(Supplied material)

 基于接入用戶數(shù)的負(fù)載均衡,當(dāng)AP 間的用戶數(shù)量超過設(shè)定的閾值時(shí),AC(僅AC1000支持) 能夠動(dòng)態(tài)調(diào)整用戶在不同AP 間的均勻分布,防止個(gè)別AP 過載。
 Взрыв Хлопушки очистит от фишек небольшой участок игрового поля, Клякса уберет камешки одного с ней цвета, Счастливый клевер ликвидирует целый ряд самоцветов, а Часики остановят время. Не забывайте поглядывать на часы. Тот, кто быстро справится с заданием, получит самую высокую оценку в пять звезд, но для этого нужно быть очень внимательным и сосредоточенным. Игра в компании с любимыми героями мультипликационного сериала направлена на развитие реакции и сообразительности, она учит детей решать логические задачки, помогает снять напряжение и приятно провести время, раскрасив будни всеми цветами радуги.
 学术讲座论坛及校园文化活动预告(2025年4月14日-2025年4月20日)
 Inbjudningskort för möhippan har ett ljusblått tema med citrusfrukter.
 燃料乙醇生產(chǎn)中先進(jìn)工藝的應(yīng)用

(End Supplied material)
(Supplied material)

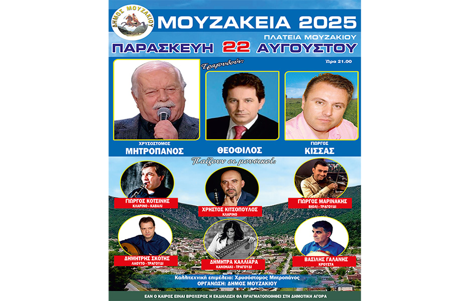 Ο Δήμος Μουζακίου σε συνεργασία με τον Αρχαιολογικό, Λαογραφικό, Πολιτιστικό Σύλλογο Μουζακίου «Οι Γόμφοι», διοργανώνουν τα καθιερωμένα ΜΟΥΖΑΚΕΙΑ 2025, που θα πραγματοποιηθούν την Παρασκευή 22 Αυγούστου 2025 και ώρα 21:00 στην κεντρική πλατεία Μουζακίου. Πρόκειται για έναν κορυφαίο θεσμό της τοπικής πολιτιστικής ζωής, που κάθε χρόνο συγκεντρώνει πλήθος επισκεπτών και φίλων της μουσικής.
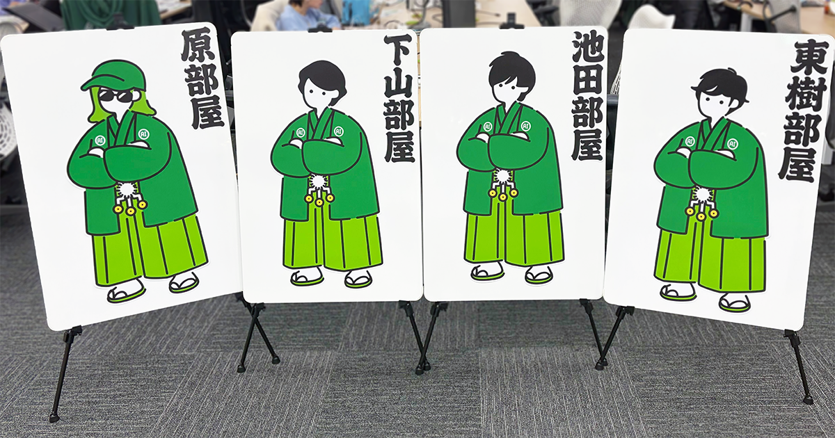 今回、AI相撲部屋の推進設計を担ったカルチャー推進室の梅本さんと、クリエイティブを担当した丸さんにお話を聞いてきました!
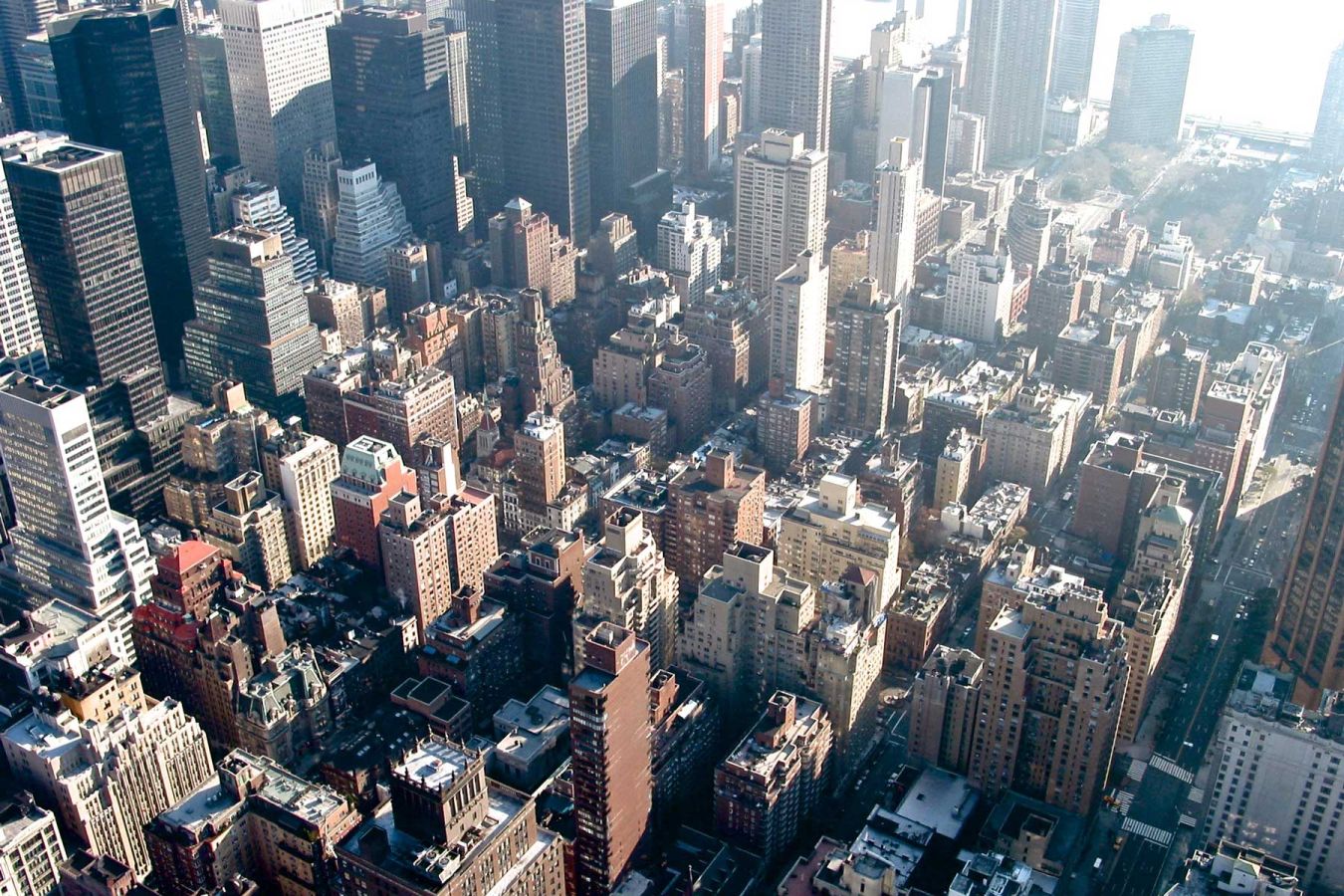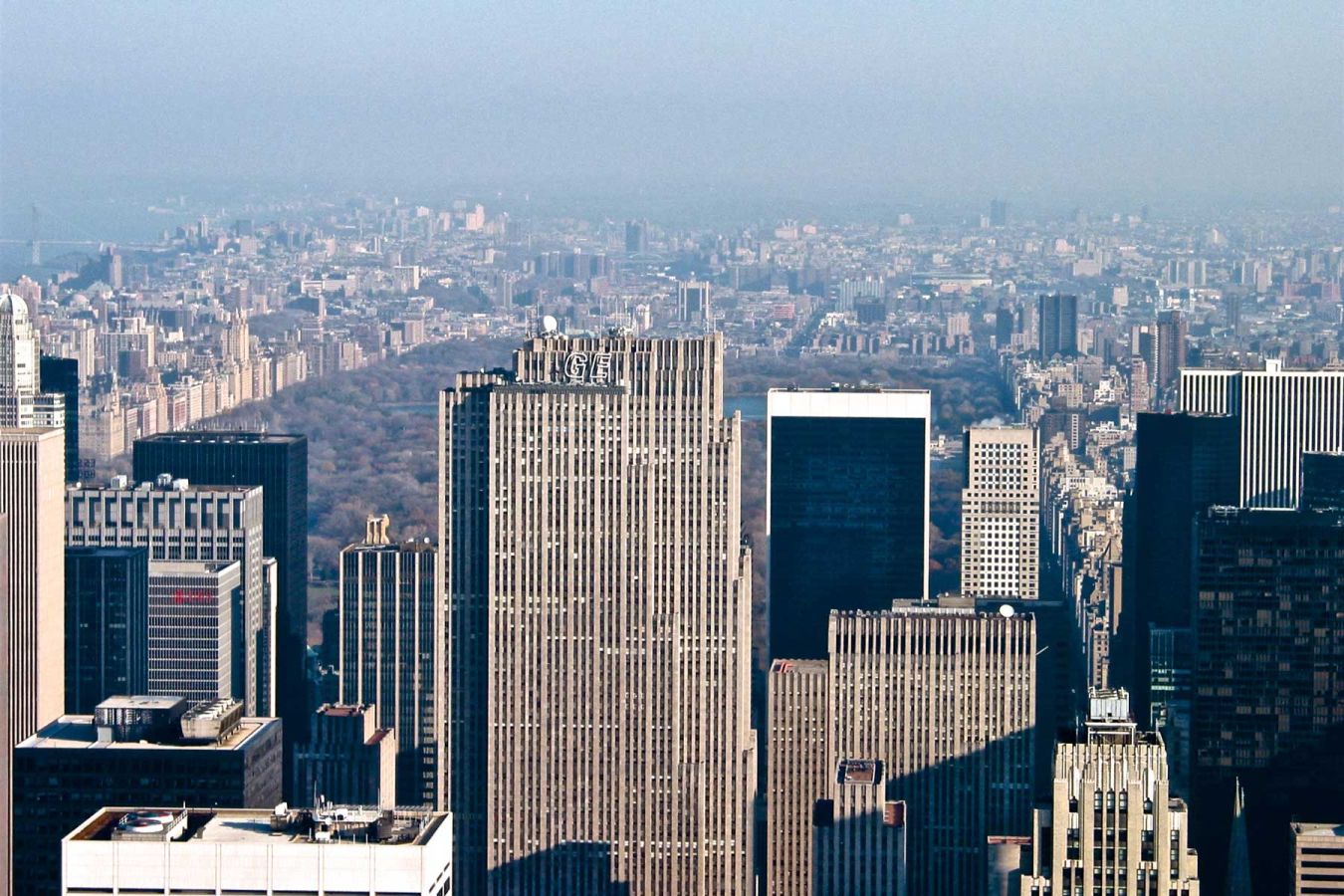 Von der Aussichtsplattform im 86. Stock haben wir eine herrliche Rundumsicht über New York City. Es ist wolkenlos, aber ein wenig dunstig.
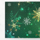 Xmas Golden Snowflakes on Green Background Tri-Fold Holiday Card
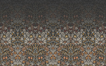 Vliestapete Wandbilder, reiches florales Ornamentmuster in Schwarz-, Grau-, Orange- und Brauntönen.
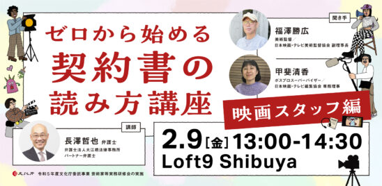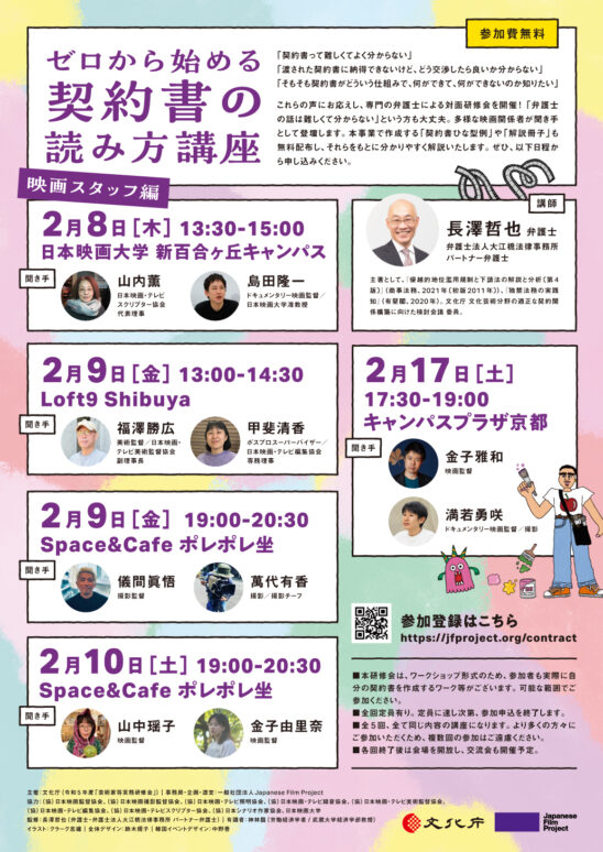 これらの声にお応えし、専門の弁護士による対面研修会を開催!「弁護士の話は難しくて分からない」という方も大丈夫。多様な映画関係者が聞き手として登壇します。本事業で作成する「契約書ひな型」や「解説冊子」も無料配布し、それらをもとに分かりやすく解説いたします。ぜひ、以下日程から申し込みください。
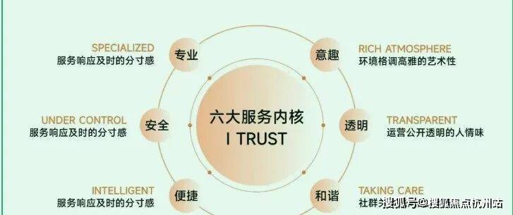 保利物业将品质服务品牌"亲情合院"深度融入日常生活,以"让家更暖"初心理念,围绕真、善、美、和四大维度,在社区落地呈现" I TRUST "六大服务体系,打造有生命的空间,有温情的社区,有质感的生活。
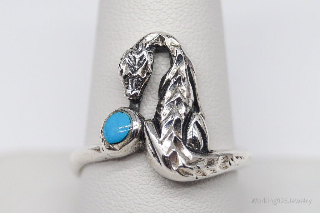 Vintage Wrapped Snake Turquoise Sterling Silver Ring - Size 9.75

(End Supplied material)
(Supplied material)

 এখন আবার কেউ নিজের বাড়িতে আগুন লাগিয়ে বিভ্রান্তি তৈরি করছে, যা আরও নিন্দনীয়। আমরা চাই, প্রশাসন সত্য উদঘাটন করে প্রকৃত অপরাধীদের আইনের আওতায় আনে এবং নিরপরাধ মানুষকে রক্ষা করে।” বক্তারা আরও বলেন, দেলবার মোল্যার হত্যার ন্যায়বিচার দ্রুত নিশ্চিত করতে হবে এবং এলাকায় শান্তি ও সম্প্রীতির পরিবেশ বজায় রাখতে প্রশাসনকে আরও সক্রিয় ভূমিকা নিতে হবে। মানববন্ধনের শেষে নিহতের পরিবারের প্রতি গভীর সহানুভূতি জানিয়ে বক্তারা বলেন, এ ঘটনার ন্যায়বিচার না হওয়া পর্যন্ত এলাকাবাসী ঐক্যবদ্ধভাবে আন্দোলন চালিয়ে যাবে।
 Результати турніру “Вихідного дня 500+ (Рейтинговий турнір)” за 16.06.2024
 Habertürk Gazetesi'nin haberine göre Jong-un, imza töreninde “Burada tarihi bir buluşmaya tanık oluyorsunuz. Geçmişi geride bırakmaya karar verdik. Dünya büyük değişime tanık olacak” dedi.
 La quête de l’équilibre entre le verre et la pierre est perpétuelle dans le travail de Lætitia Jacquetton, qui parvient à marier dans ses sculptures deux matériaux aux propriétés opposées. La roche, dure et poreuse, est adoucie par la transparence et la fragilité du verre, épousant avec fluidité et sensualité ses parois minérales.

(End Supplied material)

Having found the line with "Ο Δήμος Μουζακίου" and the line with "Vintage Wrapped Snake" in the material above, write out exactly those two and every line between, leaving the pictures out.

 Ο Δήμος Μουζακίου σε συνεργασία με τον Αρχαιολογικό, Λαογραφικό, Πολιτιστικό Σύλλογο Μουζακίου «Οι Γόμφοι», διοργανώνουν τα καθιερωμένα ΜΟΥΖΑΚΕΙΑ 2025, που θα πραγματοποιηθούν την Παρασκευή 22 Αυγούστου 2025 και ώρα 21:00 στην κεντρική πλατεία Μουζακίου. Πρόκειται για έναν κορυφαίο θεσμό της τοπικής πολιτιστικής ζωής, που κάθε χρόνο συγκεντρώνει πλήθος επισκεπτών και φίλων της μουσικής.
 今回、AI相撲部屋の推進設計を担ったカルチャー推進室の梅本さんと、クリエイティブを担当した丸さんにお話を聞いてきました!
 Von der Aussichtsplattform im 86. Stock haben wir eine herrliche Rundumsicht über New York City. Es ist wolkenlos, aber ein wenig dunstig.
 Xmas Golden Snowflakes on Green Background Tri-Fold Holiday Card
 Vliestapete Wandbilder, reiches florales Ornamentmuster in Schwarz-, Grau-, Orange- und Brauntönen.
 これらの声にお応えし、専門の弁護士による対面研修会を開催!「弁護士の話は難しくて分からない」という方も大丈夫。多様な映画関係者が聞き手として登壇します。本事業で作成する「契約書ひな型」や「解説冊子」も無料配布し、それらをもとに分かりやすく解説いたします。ぜひ、以下日程から申し込みください。
 保利物业将品质服务品牌"亲情合院"深度融入日常生活,以"让家更暖"初心理念,围绕真、善、美、和四大维度,在社区落地呈现" I TRUST "六大服务体系,打造有生命的空间,有温情的社区,有质感的生活。
 Vintage Wrapped Snake Turquoise Sterling Silver Ring - Size 9.75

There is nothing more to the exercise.